Le président égyptien Sissi doit prendre dimanche la tête de l’Union africaine. Il succède à son homologue rwandais Paul Kagame, qui achève ainsi une année particulièrement active à la tête de l’organisation.
Le président rwandais Paul Kagame, qui a multiplié les initiatives durant son année à la tête de l’Union africaine (UA), doit passer le témoin dimanche 10 février à l’Égypte, poids lourd régional en quête d’influence sur le continent, lors d’un sommet de l’organisation à Addis Abeba.
Le chef de l’État égyptien Abdel Fattah al-Sissi prendra officiellement la présidence tournante de l’UA lors de la cérémonie d’ouverture du sommet, prévu pour durer deux jours, au menu duquel figurent la poursuite des réformes institutionnelles de cette organisation comptant 55 membres, l’établissement de la Zone de libre-échange continentale (Zlec) et les crises traversant le continent.
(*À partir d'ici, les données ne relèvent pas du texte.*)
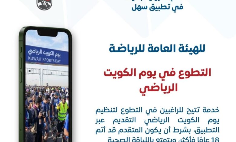دشنت الهيئة العامة للرياضة خدمة إلكترونية جديدة عبر تطبيق سهل وهو التطوع في يوم الكويت الرياضي والتي تتيح للراغبين في التطوع لتنظيم #يومالكويتالرياضي التقديم عبر #سهل.

Après une présidence extrêmement active, marquée toutefois par un camouflet de taille après les élections en RD Congo, Paul Kagame a tiré sa révérence avec une énième initiative samedi, cette fois en vue d’améliorer les soins de santé en Afrique.
Son successeur s’est, lui, d’ores et déjà engagé à poursuivre certains efforts déployés par son prédécesseur, à commencer par la Zlec, un des projets clés de l’UA pour renforcer l’intégration du continent.
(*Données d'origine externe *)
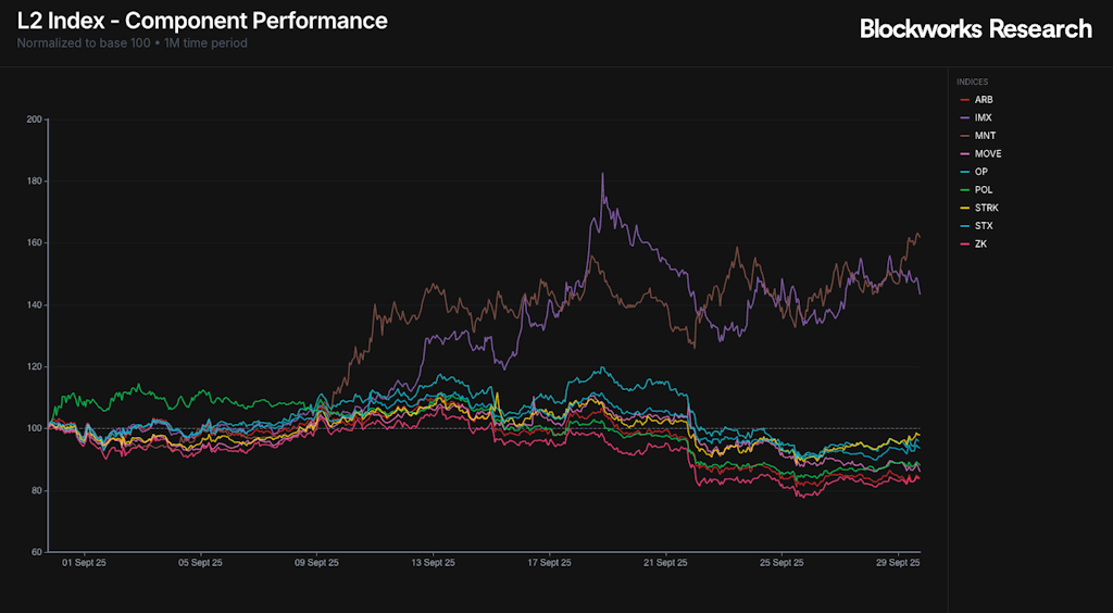 Under the surface, every L2 tracked in the index is down for September, except MNT and IMX, up 62% and 43%, respectively. While markets remain choppy and rangebound, pockets of alpha will continue to persist.

Kagame était parvenu en mars 2018 à obtenir la signature de 44 pays sur l’accord d’établissement de la Zlec, mais cet essai marqué par le président rwandais doit maintenant être transformé par son homologue égyptien : 19 pays ont à ce jour ratifié l’accord, alors que 22 ratifications sont nécessaires pour qu’il entre en vigueur.
L’Égypte « souhaite renforcer sa position sur le continent africain et ne pas être considéré comme un pays tourné uniquement vers le monde arabe », souligne Liesl Louw-Vaudran, de l’Institut pour les études sur la sécurité (ISS).
Maintien de la paix
Sissi devrait cependant se démarquer de son prédécesseur en axant sa présidence sur la sécurité, le maintien de la paix, et la reconstruction post-conflit, des questions étroitement liées au thème de l’UA choisi pour 2019, année des « réfugiés, rapatriés et personnes déplacées ».
Le secrétaire général de l’ONU, Antonio Guterres, présent à Addis Abeba, a salué samedi un « vent d’espoir » qui souffle selon lui sur l’Afrique, après une série d’élections pacifiques (RD Congo, Madagascar, Mali), d’accords de paix (Soudan du Sud, Centrafrique) et de réconciliations (Éthiopie-Érythrée).
Les observateurs n’attendent toutefois pas de Sissi un mandat aussi actif que celui de Kagame, les grandes puissances étant généralement réticentes à une UA trop forte ou trop intrusive.
Surtout, note un diplomate africain, que l’Égypte n’a jamais oublié sa suspension de l’UA en 2013, décidée après la destitution par l’armée de l’islamiste Mohamed Morsi, premier président démocratiquement élu en 2012.
Désaveu
Paul Kagame avait essuyé un cinglant désaveu après avoir demandé au nom de l’UA la suspension de la proclamation des résultats de la présidentielle de décembre en RD Congo, entachés selon lui de « doutes sérieux » : les résultats avaient finalement été validés par la Cour constitutionnelle congolaise et salués par les poids lourds du continent, dont l’Afrique du Sud, le Kenya et l’Égypte.
« L’UA et sa Commission n’ont que la puissance que les pays membres veulent bien leur donner », analyse Elissa Jobson, de l’International Crisis Group. « Contrairement à l’Union européenne, les États africains n’ont pas transféré de souveraineté à l’Union africaine. »
Amnesty International a pour sa part exprimé ses craintes quant à l’impact de la présidence de Sissi sur les mécanismes d’évaluation des droits humains en Afrique, accusant l’Égypte d’avoir mené ces dernières années des attaques politiques haineuses contre la Commission africaine des droits de l’Homme et des peuples.